筆者が政治取材をスタートしたのは1999年のことである。

 当時の首相は、小渕恵三氏。その後、森喜朗氏、小泉純一郎氏、安倍晋三氏、福田康夫氏と続き、現在の麻生太郎首相を含めると、6つの政権を取材したことになる。

 10年にも満たない期間に、5人の首相が登場しては、消えていった計算になる。その間、取材を通じて、いくつかの政権崩壊に直面した。

 病に斃れた小渕元首相と、任期満了で自ら辞した小泉元首相を除けば、残りの3人はいずれも追い詰められる形で政権を投げ出している。

 最近、それら3人の首相の取材を振り返る機会があり、過去の取材ノートに当たったり、改めて調べたところ、それぞれの政権末期に、いくつかの「予兆」の現れていることを発見した。大雑把にみれば「予兆」は3つ。少なくともそれらが揃った時点では、実際にどの政権も崩壊している。
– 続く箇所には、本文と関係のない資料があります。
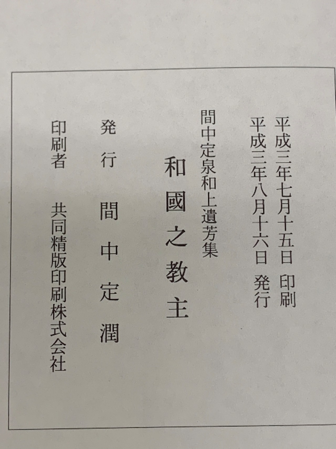 タイトル:間中定和泉上遺芳集 和國之教主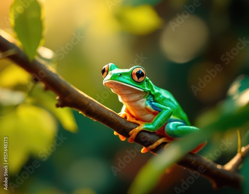 © Katsyarina, Naklejka premium Colorful frog sitting on leaf in vibrant garden. Cute animal for Earth Day, spring, and nature themes. Great for posters, cards, and invitations.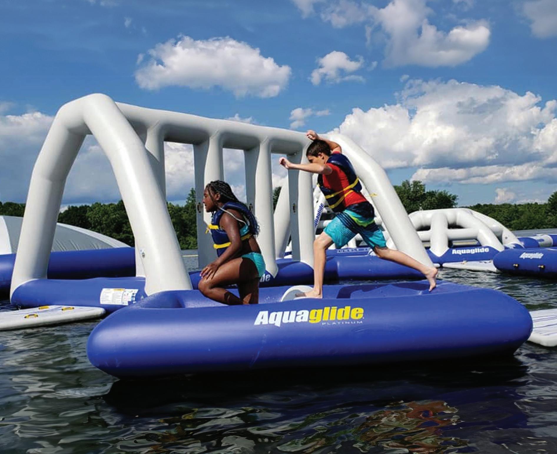 Safely floating and secured on the lake, you can bounce your way over the mighty Neptune, pull yourself across the monkey bars, step over the tricky hurdle or just bomb into the water from anywhere!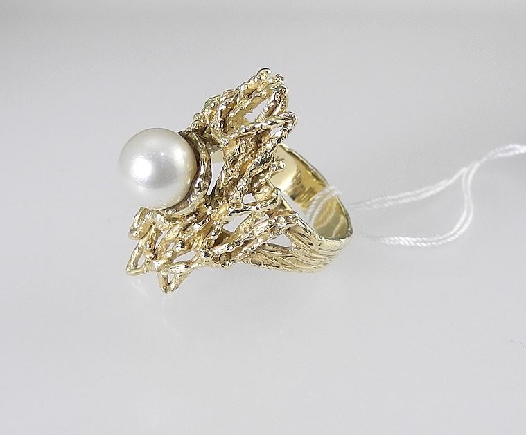 LOT 15 Modernist 14K (marked) Gold & Pearl Ring, Size 7 1/2, 11.2g. Estimate: $600 - $800 Sold For: $800 Auction Date: Tuesday, October 28 2025 at 4:00 PM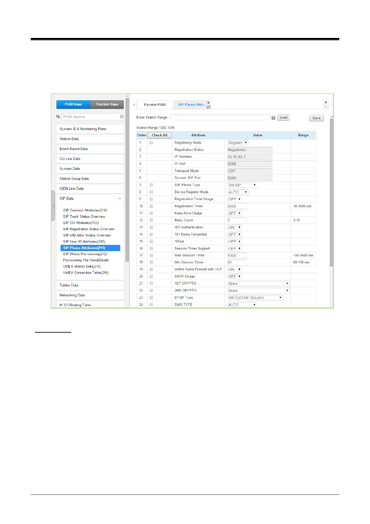 range, and click [Load] to view the SIP Phone Attributes for the first Station Number in the range. Enter new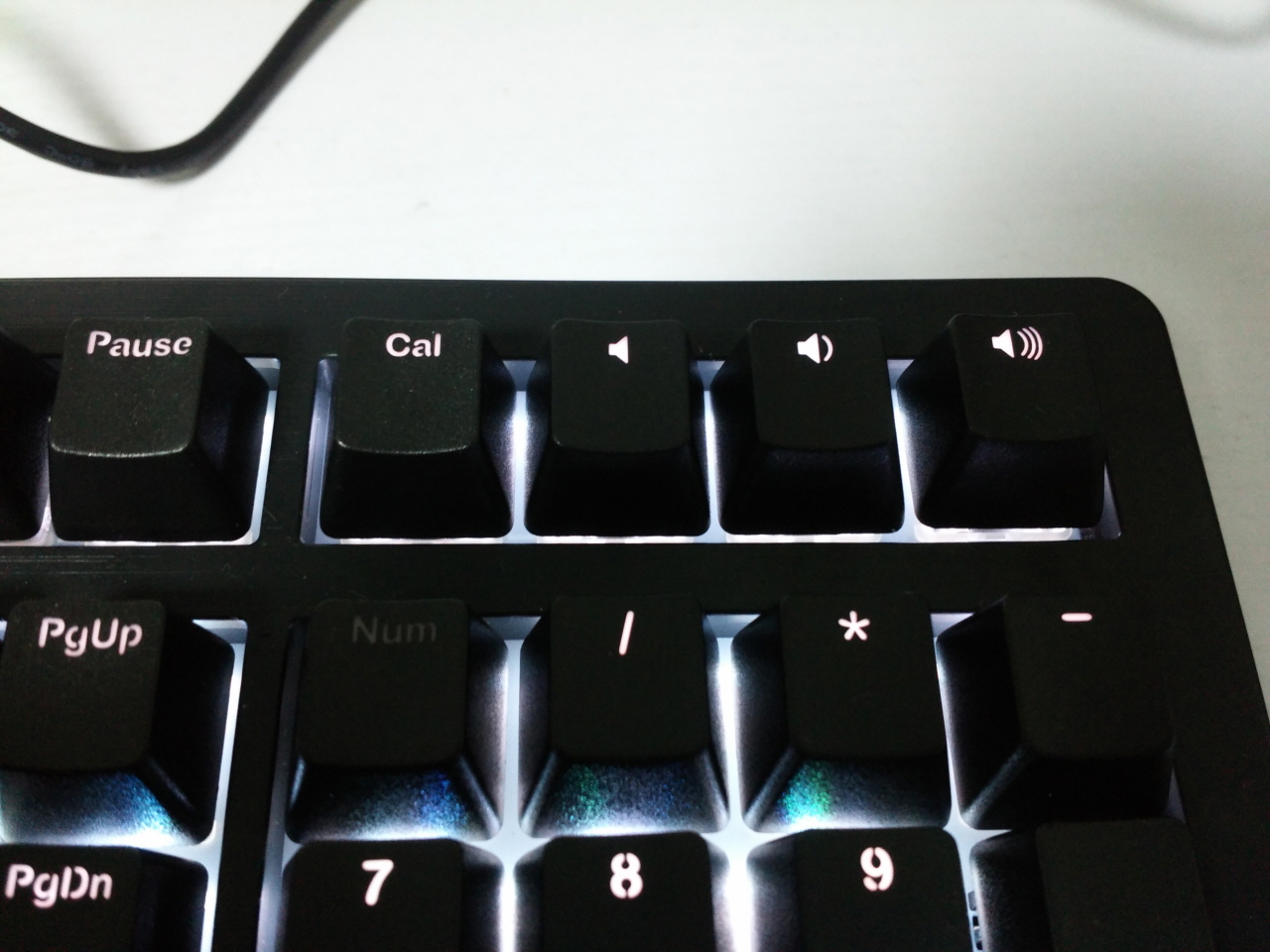 윈도우 키가 있는 풀 사이즈 US Layout이면 일반적으로 104키를 생각하게 되는데, 더키 키보드는 넘버패드 윗 공간에 4 개의 추가 기능키를 채웠습니다. 순서대로 계산기, 음소거, 음량 감소, 음량 증가 의 기능을 갖고 있습니다. 총 108키의 풀배열 키보드 입니다.

 もちろんこうした「法則」が常に正しいとは限らない。また、厳密なデータでもなく、単に取材によって得た主観、それに基づく分析に過ぎない。

 だが、その一方で、政治という権力闘争の世界を取材するに当たっては、そうした「予兆」は軽視できない情報のひとつであるのもまた確かなのだ。

 麻生政権は、まもなく発足3ヵ月を迎える。メディアとの関係で言えば、本来は「ハネムーン」とも称される期間である。

 ところが、すでに麻生政権には3つの不吉な「予兆」が現れている。それらは【内閣】、【自民党総務会】、【内閣記者会】、に現れ、それぞれが政権崩壊の不気味な兆候を示している。

 今回は、麻生政権に現れた不吉な予兆について検証してみよう。

【内閣】
 安倍政権の後半「学級崩壊」ならぬ「内閣崩壊」が話題になったことがある。

 閣議前の閣僚懇談時、内閣総理大臣が控室に到着しても、われ関せずといった風で、安倍首相に挨拶しないばかりか、目も合わせようとしない。マスコミの写真・映像撮影時にも、各大臣の私語は止まず、孤独な安倍首相が静かに座っているといった「絵」が流されてしまう。また、各々の大臣会見でも、内閣の意向を無視した発言が繰り返され、「閣内不一致」のような様相を呈していた。